Строевая песня перед вечерней поверкой.

 
— А что, товарищ старший лейтенант, — говорил я перед самым Новым Годом, слегка дрожащим голосом, — не кажется ли вам, что эта песня чересчур пафосна для роли строевой песни?
— Что вы этим хотите сказать, рядовой?
— Как что? Ведь эта песня звучала на церемонии закрытия двадцать седьмого съезда ВЛКСМ и её доверяли петь только знаменитым нашим певцам таким, как Кобзон и Лещенко.
— То есть вы имеете вопрос, что замполит немного того, доверив эту песню сброду солдат? Так что ли?
— Ну нет же, конечно, просто для бодрости духа и для музыкального отдыха, одновременно, требуется более упрощённый вариант, что ли. Ведь мы, например, не поём же, водя хоровод вокруг ёлки, гимн Советского Союза?
— Ах, вон оно что! Хорошо, записываю вас, боец, в самодеятельность. Репетиция завтра вечером в клубе, попрошу не опаздывать. Как раз эту песню про Ленина и споёте со сцены на наш армейский новогодний огонёк.
— Да я… Не то, что…
— Запомни, воин… А лучше запиши: под номером один – командир всегда прав; и под номером два – если командир не прав, то смотри пункт первый.
— Но я ещё…
— А ещё, ты – пока никто и звать тебя никак, но только армия сделает из тебя человека! Кругом!
— Есть!
— Отставить! Какую песню хотел предложить?
— Дык, эту… Как её… «Кап-кап-кап, из алых глаз Маруси…»
— Капает прямо на копьё?
— Ну да…
—  За Одессу ещё мне тут спой… Бегом в расположение казармы!
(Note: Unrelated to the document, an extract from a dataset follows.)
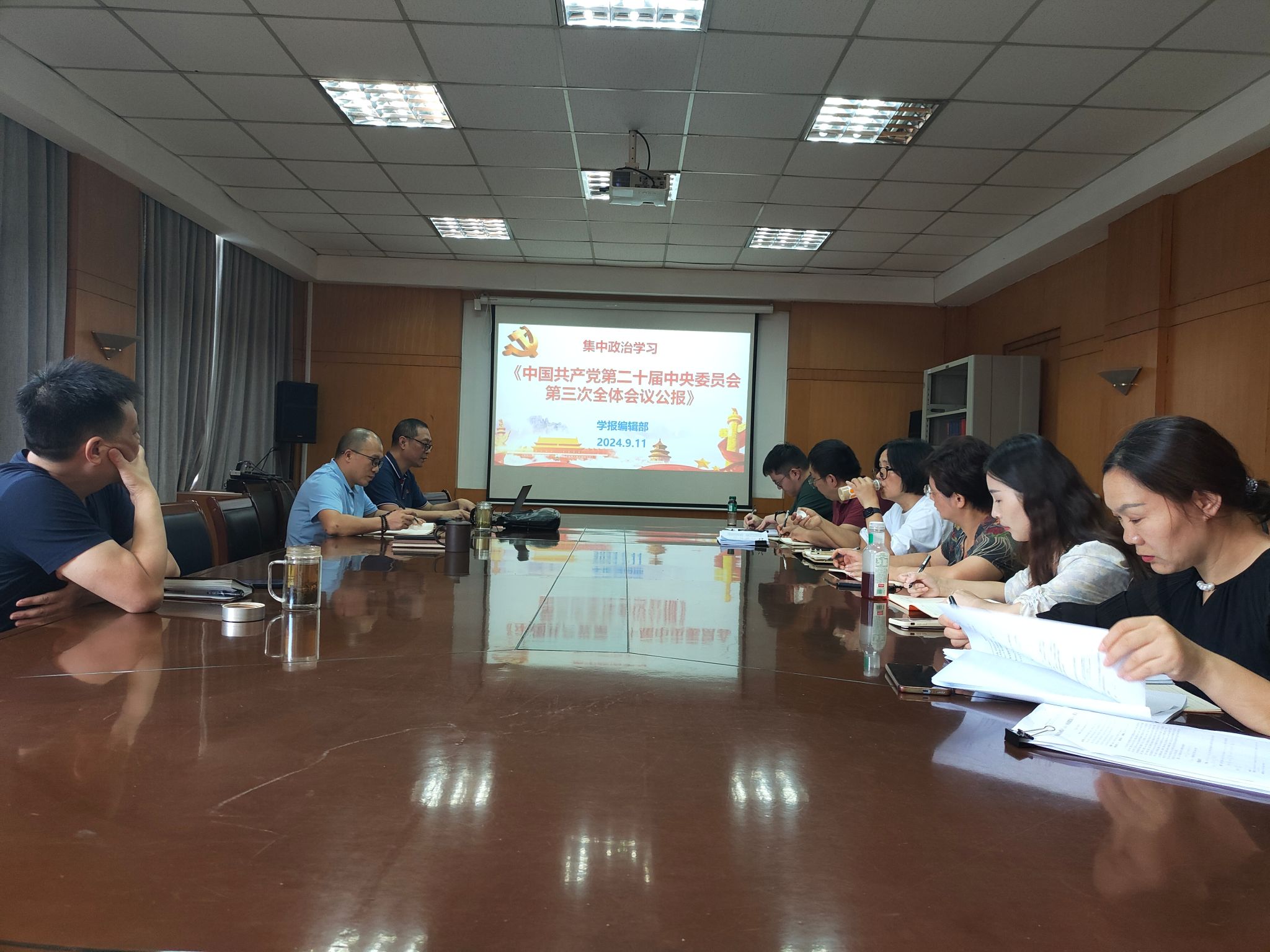 为了深入学习贯彻党的二十届三中全会精神,学报编辑部党支部于2024年9月11日下午在417会议室开展集中政治学习活动。此次集中政治学习的内容是《中国共产党第二十届中央委员会第三次全体会议公报》《中共中央关于进一步全面深化改革 推进中国式现代化的决定》,以及习近平总书记关于《中共中央关于进一步全面深化改革、推进中国式现代化的决定》的说明。学报编辑部党支部所有党员参加学习,支部书记刘晓苏主持学习活动。

Наследующий день я подошёл к армейскому клубу. Около входа жался огромный жирный чёрный кот, в ожидание, когда кто-то откроет дверь для его беспардонного величества. Ничего я не имею против котов, но тут какая-то злость взялась, казалось бы, совершенно из неоткуда. Да только прилетела вдруг она, что котяра такой вот вроде беспомощный, но свободный зараза, и ходит там, где ему вздумается и жрёт, что хочется. В одну доли секунды мяукающее существо, поддетое с размаха моим бессовестным сапогом, уже летело в предновогодний сугроб. Кот отряхнулся довольно шустро от снега, посмотрев на меня такими жалостливыми глазами, что я не смог больше терпеть…
— Запомни, ты – дерьмо собачье! — выпалил я медленно и с расстановкой. — Только Советская Армия сделает из тебя человека!
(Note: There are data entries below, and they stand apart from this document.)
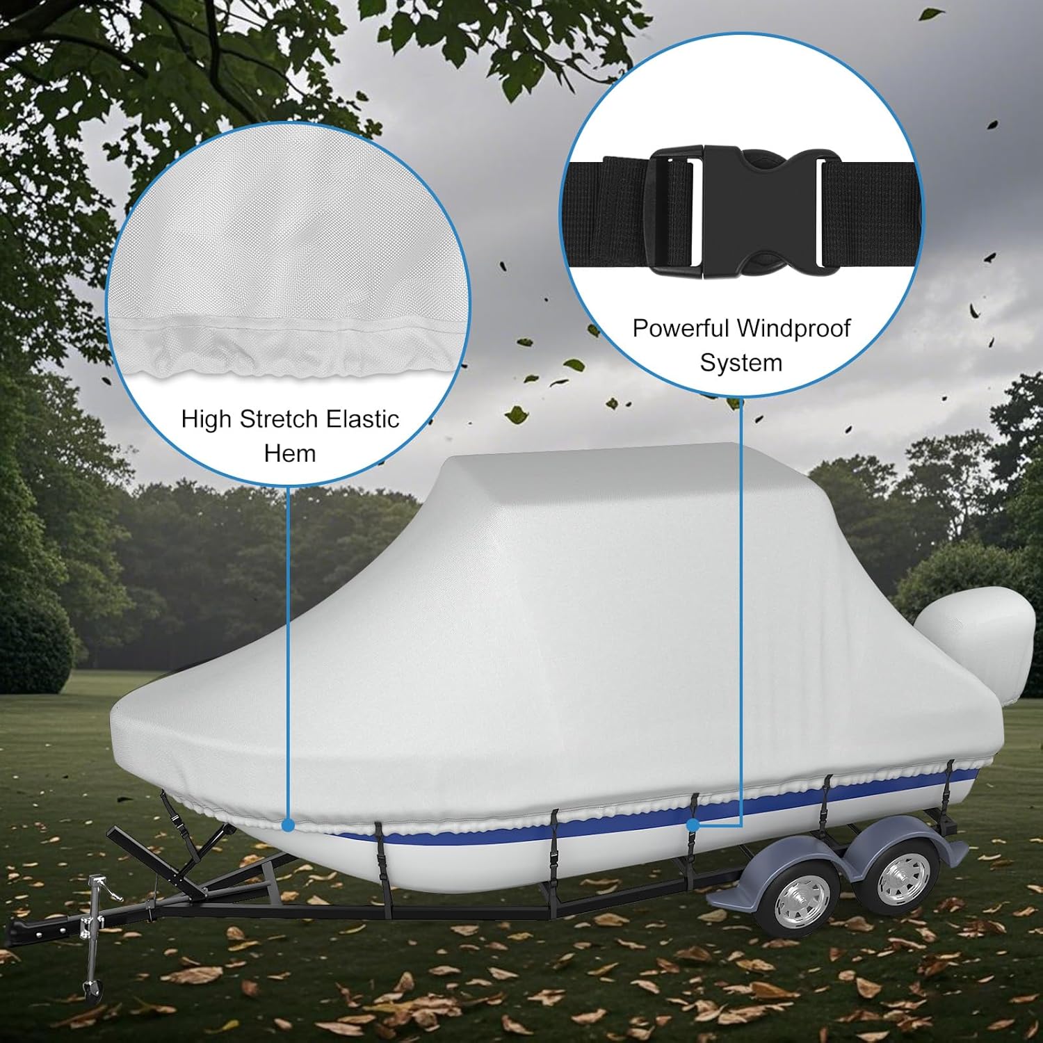 20-22FT Package Included: Includes 1 x heavy duty boat cover (length up to 20-22 feet, beam width up to 106 inches), 18 x webbing, 1 x motor cover, and 1 x storage bag to meet protection and storage needs.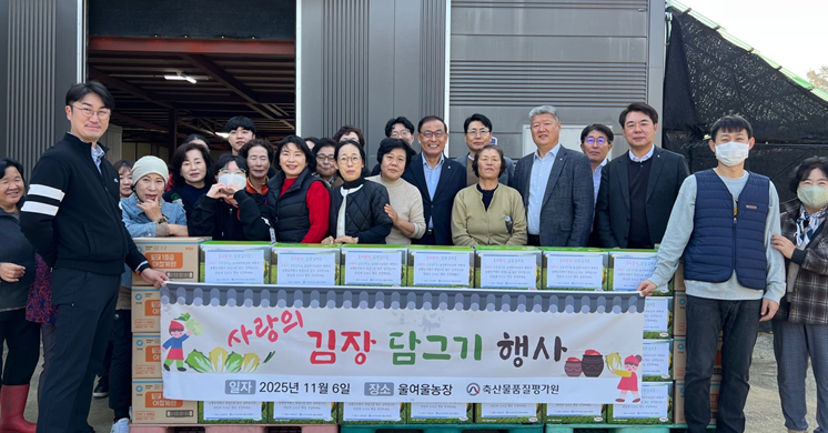 축산물품질평가원(원장 박병홍)은 지난 6일, 김장철을 맞아 농가 주부 모임과 함께 세종시 울여울 농장에서 ‘사랑의 김장 담그기’ 행사를 진행했다.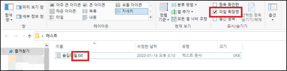 <추가 : txt 확장자 안보일때>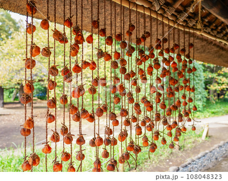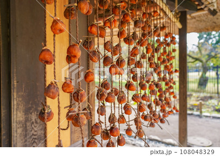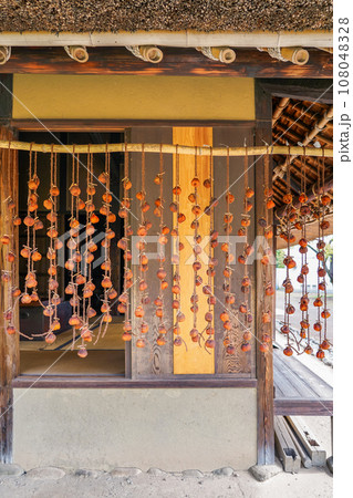 農家の軒下に吊るされた秋の干し柿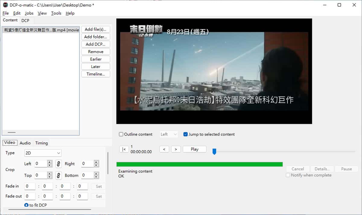 可以直接播放 DCP 檔案,確認製作結果是否正確。

Сказал и подумал о том, что настоящий солдат получается не из помывки полов, не из уборки плаца и чистки туалета. Его строит таковым и возвышает над окружающими удивительная человеческая готовность принять как должное, пусть про себя с некоторым нытьём, те невероятные тяготы с лишениями, добавляя словесно постоянно всех падших женщин и их матерей, но выполняя свой долг, несмотря ни на какие невзгоды – несмотря ни на что.

Чтобы далеко не ударяться в эти размышления, остановлюсь, пожалуй, на солдатском клубе более подробно. Ведь клуб, в какой бы то не было воинской части, выступает непременным очагом и распространителем культуры. Если нормально работает клуб, значит солдат в свободное время смотрит интересные фильмы, участвует в организации ансамблей и занимаются самодеятельностью. Отсюда, вне всякого сомнения, отношение к службе меняется в лучшую сторону и не даёт времени на другие негативные действия.
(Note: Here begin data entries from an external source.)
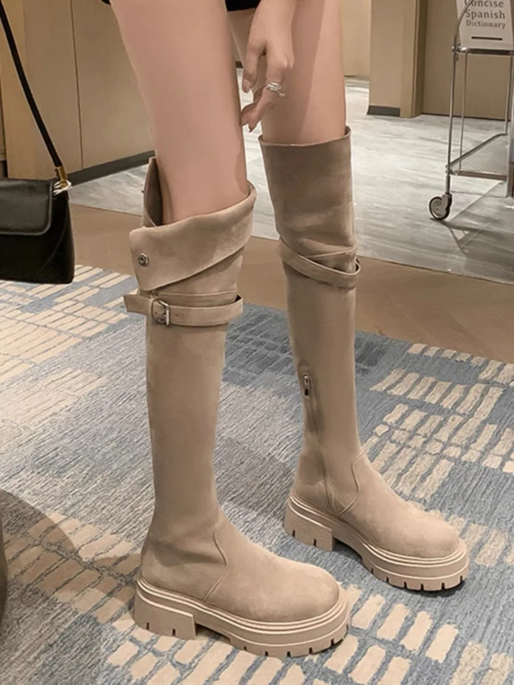 2025 Women's Wide Calf Over The Knee Boots Stretch Riding Boots Flat Foldable Two-Way Wear Suede Long Boots for Thick Thighs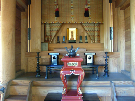 殿内深处中央日式神龛里供奉的不是孔子像,而是“孔子神位”,两侧分别为四哲的牌位。殿内外的建筑木材也没有涂成黑漆,而是原色。另外大成殿及其入口正门朝西,即曲阜至圣庙方向。这一朝向也与汤岛圣堂大成殿不同,而与鹿岛神社的神殿面向其本社西北方向的建制一致。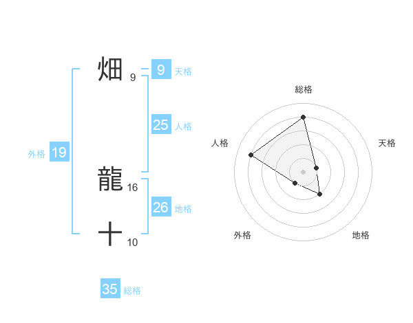 畑 龍十さんの総格は35画の4点!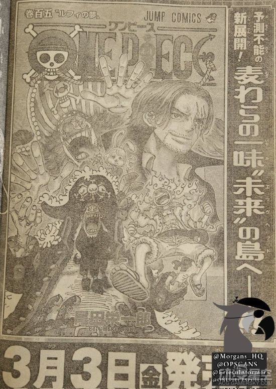 《海贼王》漫画单行本105卷《路飞的梦想》单行本封面公开了,新的四皇集体亮相!除了路飞、香克斯、巴基和黑胡子之外,还有一个兔子加洛特。《海贼王》105卷将于2023年3月3日发售。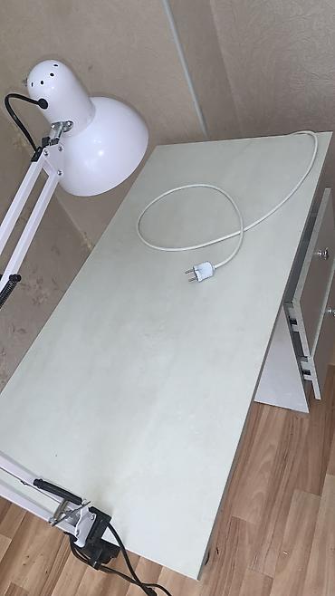 - К столу закрепляется поворотная лампа на прищепке/кронштейне (лампа на фото включена в комплект).

Вообще-то трое человек должны при клубе находиться постоянно: заведующий клуба, киномеханик и художник. Перед Новым Годом должность завклуба заняла служащая СА. Прибыл новый командир части и его дочке предоставили такое рабочее место. Вы представляете себе, что это такое? Я прекрасно представляю! Ведь до неё почти всем управлял замполит, потому что киномеханик в лице завклуба всё-таки не дотягивал, чтобы сделать какую-либо постановку в стиле патриотической идеологии. Да и слушались солдаты неохотно. То и дело разносилось эхом в пустом зрительном зале на репетиции:
— Воины, вы, чё? Совсем озверели?

Солдаты встали вряд и по очереди пытались читать патриотические строки из различных стихотворений в угоду Советской Армии и Родины в целом. Кто-то плохо выучил, кто-то просто переминался с ноги на ногу, потупившись в пол.
— Вы, чё творите, изверги? При прочтении этих замечательных стихов, находясь в положение подготовки таких великих праздников, как седьмое ноября, ну и нового года тоже, на лицах солдат просто необходимо должна блуждать патриотическая задумчивая улыбка! Улыбка, мать вашу так, а не оскал идиота непредсказуемого,  предвкушающего увольнение в женское общежитие.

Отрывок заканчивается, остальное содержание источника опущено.